Johnny Campbell

Personal information
- Date of birth: 7 March 1910
- Place of birth: Stevenston, Scotland
- Date of death: 6 July 1999 (aged 89)
- Height: 5 ft 10+1⁄2 in (1.79 m)
- Position: Forward

Senior career*
- Years: Team / Apps / (Gls)
- Dalry Thistle
- 1931–1933: Leicester City / 21 / (12)
- 1933–1939: Lincoln City / 184 / (104)
- 1939–194?: Scunthorpe & Lindsey United
- 194?–19??: Lincoln Co-op

= Johnny Campbell (footballer, born 1910) =

Scottish footballer

John Campbell (7 March 1910 – 6 July 1999) was a Scottish professional footballer who scored 116 goals from 205 games in the Football League playing as a forward for Leicester City and Lincoln City.

==Career==
Campbell was born in Stevenston, Ayrshire. He gave up his chemistry studies to join English First Division club Leicester City, together with John Calder, his teammate at junior club Dalry Thistle, in July 1931. He scored on his debut for the club, against Birmingham in December 1932, but despite a respectable goal return – 14 goals from 22 games – he failed to establish himself in the first team.

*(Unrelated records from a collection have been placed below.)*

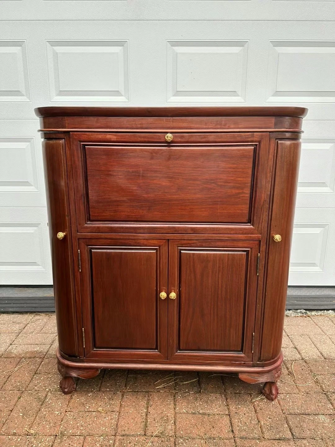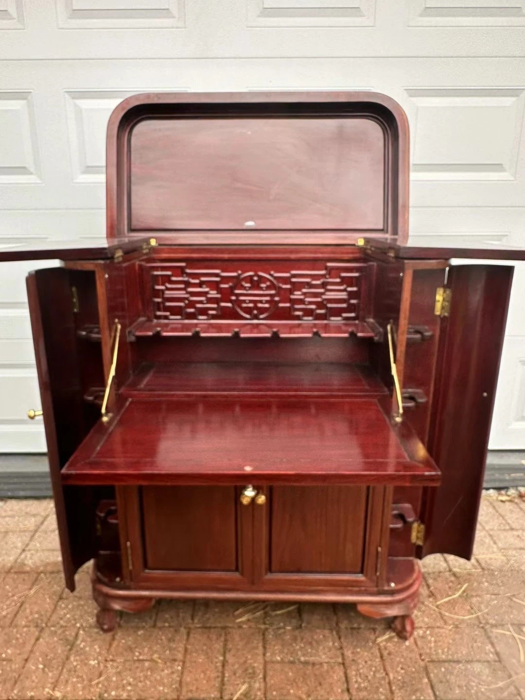 10Beautiful antique mahogany bar cabinet in great condition. This unique piece features intricate detailing and a rich, warm finish. Perfect for storing your favourite spirits and glassware, it will add a touch of elegance to any room. A real statement piece!
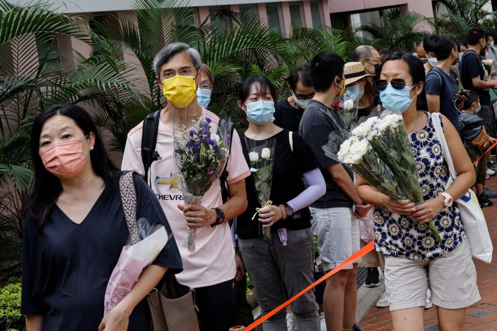 过去超过一星期,每日都有数以千计的市民冒着摄氏30几度的酷热天气,不怕日晒雨淋,在领事馆外大排长龙签署吊唁册,并且在领事馆外献上鲜花及心意卡悼念女王,领事馆外出现香港超过两年半的疫情以来,久违的人群及花海。
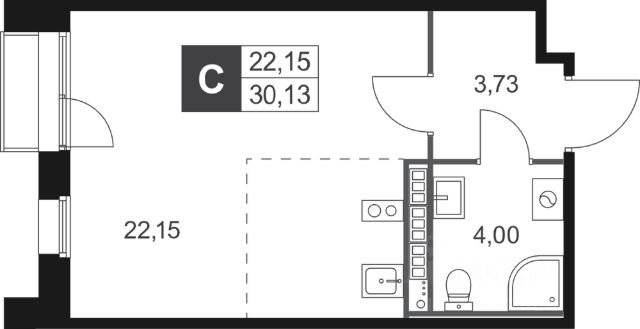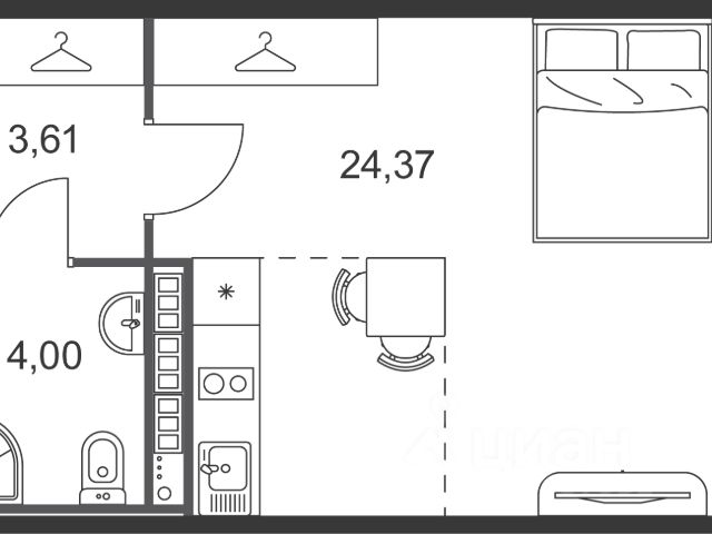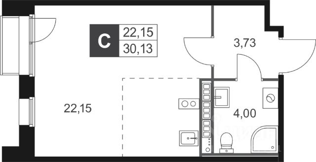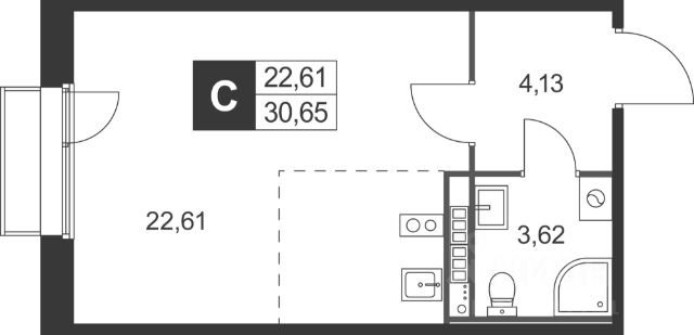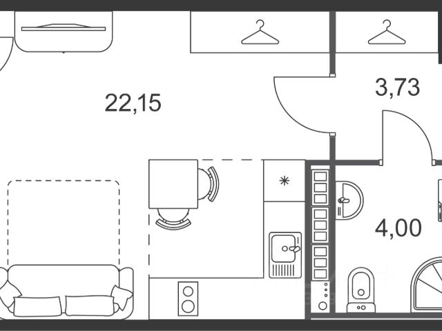 Квартира-студия с натяжными потолками, общей площадью 25,1м², жилая площадь 18,29м², прихожая - 3,80м², санузел - 3,25м²

A year later he signed for Lincoln City for a fee of £1,250, then a club record, but was unable to help the club avoid relegation to the Third Division North at the end of the 1933–34 Football League season.

Once moved to play at centre forward rather than at outside right, Campbell began to score freely, and was Lincoln's top scorer for four consecutive seasons, from 1934–35 to 1937–38. By the time he retired from League football due to injury in the summer of 1939, Campbell had produced 108 goals from only 193 first-team games. He then joined Midland League club Scunthorpe & Lindsey United, returning to Lincoln to play in the wartime competitions.

Campbell went on to complete his studies, earning a degree in chemistry and ophthalmics, and became superintendent chemist/optician for the Lincoln Co-operative Society. He retired in 1975, and died in July 1999 at the age of 89.